La politica? Corrotta perché non più sovrana. Alberto Burgio sul Manifesto

Pubblicato il 25 Settembre 2012 - 14:12 OLTRE 6 MESI FA

ROMA – Le dimissioni di Renata Polverini da governatrice del Lazio sono il fatto del giorno e come articolo del giorno vi proponiamo un commento di Alberto Burgio sul Manifesto, “Fallimento morale e antropologico, un’analisi delle cause della situazione disastrosa della democrazia in Italia, che non riguarda solo la destra di governo nella regione che ospita la Capitale.

Scrive Burgio: “La corruzione è il costo dell’emarginazione delle funzioni rappresentative. La classe politica ha accettato la propria riduzione a mansioni subordinate in cambio di vantaggi materiali”. E’ l’irrilevanza della politica, ghetto dorato al servizio di altri centri di potere (i mercati, le tecnocrazie) e non “casta”, a produrre la corruzione e quindi la delegittimazione della politica stessa.

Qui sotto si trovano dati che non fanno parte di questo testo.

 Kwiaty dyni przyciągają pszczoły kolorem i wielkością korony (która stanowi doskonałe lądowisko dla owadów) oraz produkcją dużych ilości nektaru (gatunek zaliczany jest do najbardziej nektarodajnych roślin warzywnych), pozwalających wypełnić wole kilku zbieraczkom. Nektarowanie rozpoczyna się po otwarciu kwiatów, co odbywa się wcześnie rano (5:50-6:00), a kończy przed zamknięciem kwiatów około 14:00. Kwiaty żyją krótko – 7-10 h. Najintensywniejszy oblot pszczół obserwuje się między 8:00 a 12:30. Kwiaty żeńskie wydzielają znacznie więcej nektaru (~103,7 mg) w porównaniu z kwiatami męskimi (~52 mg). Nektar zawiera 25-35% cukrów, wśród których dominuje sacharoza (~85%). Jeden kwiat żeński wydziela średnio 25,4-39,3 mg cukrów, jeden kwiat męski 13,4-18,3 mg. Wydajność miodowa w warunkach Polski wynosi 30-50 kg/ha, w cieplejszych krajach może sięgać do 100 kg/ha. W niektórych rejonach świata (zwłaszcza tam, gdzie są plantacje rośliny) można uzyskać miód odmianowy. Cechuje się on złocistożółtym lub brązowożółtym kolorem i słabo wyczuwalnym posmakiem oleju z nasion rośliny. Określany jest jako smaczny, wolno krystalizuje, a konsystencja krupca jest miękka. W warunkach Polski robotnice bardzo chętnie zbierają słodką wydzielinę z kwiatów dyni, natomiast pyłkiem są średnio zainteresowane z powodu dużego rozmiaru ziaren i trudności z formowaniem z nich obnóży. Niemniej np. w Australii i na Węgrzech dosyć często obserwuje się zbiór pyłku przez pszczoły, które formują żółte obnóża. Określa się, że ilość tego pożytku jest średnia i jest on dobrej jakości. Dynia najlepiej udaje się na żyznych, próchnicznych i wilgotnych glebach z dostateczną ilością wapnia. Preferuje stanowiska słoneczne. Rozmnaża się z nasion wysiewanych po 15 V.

La governatrice del Lazio ha rassegnato le dimissioni. Tanto doverose quanto insufficienti per sanare una democrazia ferita. Al punto che l’idea stessa di rappresentanza suona ironica. Oggi la casta è sinonimo di separatezza, oltre che di corruzione. Nei suoi comportamenti si manifesta la malattia terminale di un sistema politico in sfacelo. Fallimentare sul piano dei risultati materiali e impresentabile sul terreno morale e «antropologico».

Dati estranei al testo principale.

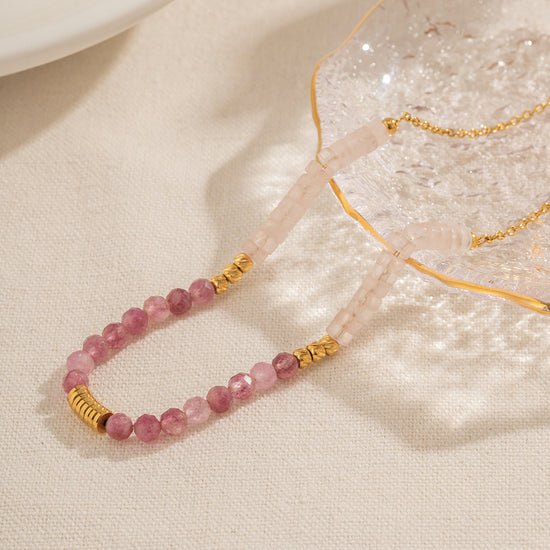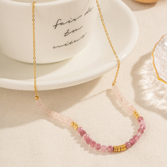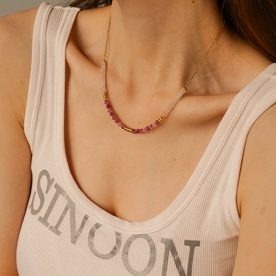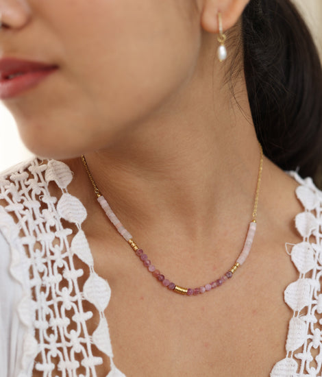 A rich strand of deep red beads, this necklace shimmers with the warm, lively glow of sangria at sunset.

È un fenomeno talmente grave, che il discorso morale non basta più. Talmente organico che ricondurlo al solo profilo (im)morale dei protagonisti sarebbe riduttivo. Assodata l’esigenza di punire il malaffare, restano aperte altre questioni. Se l’impressione che in Italia la corruzione politico-amministrativa abbia passato il segno ha fondamento, occorre riflettere su due fattori: la qualità della «classe politica» e le occasioni che le vengono offerte di abbandonarsi a comportamenti indecenti. Si tratta di aspetti connessi perché nessuna tentazione potrebbe fare breccia in un incorruttibile e perché gran parte di quelle tentazioni sono generate in piena autonomia da quanti ad esse cedono. Come dire che qui Sant’Antonio è il diavolo stesso.

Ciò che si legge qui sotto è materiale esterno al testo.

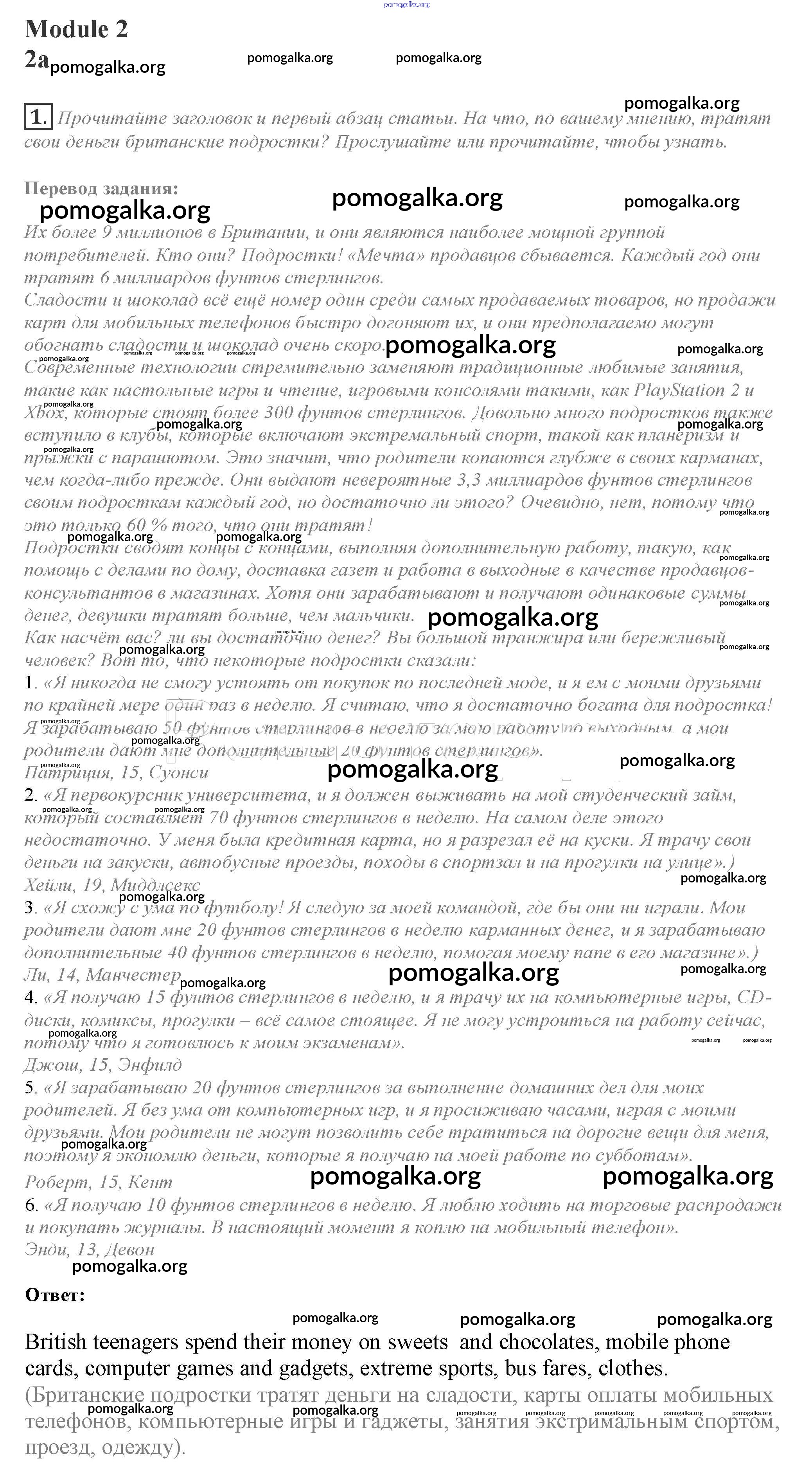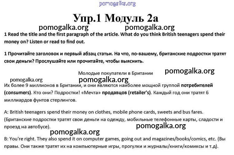 Готовые ответы - Английский язык 10 класс Spotlight Афанасьева О.В. - часть 2a module 2 1

Le tentazioni sono troppe. Per cui «fare politica» è ormai, per molti, una carriera: il mezzo per conquistare uno status e fare bella vita, tra case di lusso e vacanze pagate, vitalizi e tesoretti in banca. Quanto alla classe politica, la sua scadente qualità ha cause oggettive. La politica – l’insieme delle istituzioni rappresentative in primis – non attrae più la parte migliore del paese, la più colta, la più capace, la più sana. Non vi riesce più perché è sempre meno il luogo della sovranità. La quale è migrata verso le tecnocrazie e le burocrazie (sempre meno nazionali, sempre più europee e «globali») e verso i mercati (il Senato virtuale dei detentori di capitali finanziari e i signori delle imprese transnazionali).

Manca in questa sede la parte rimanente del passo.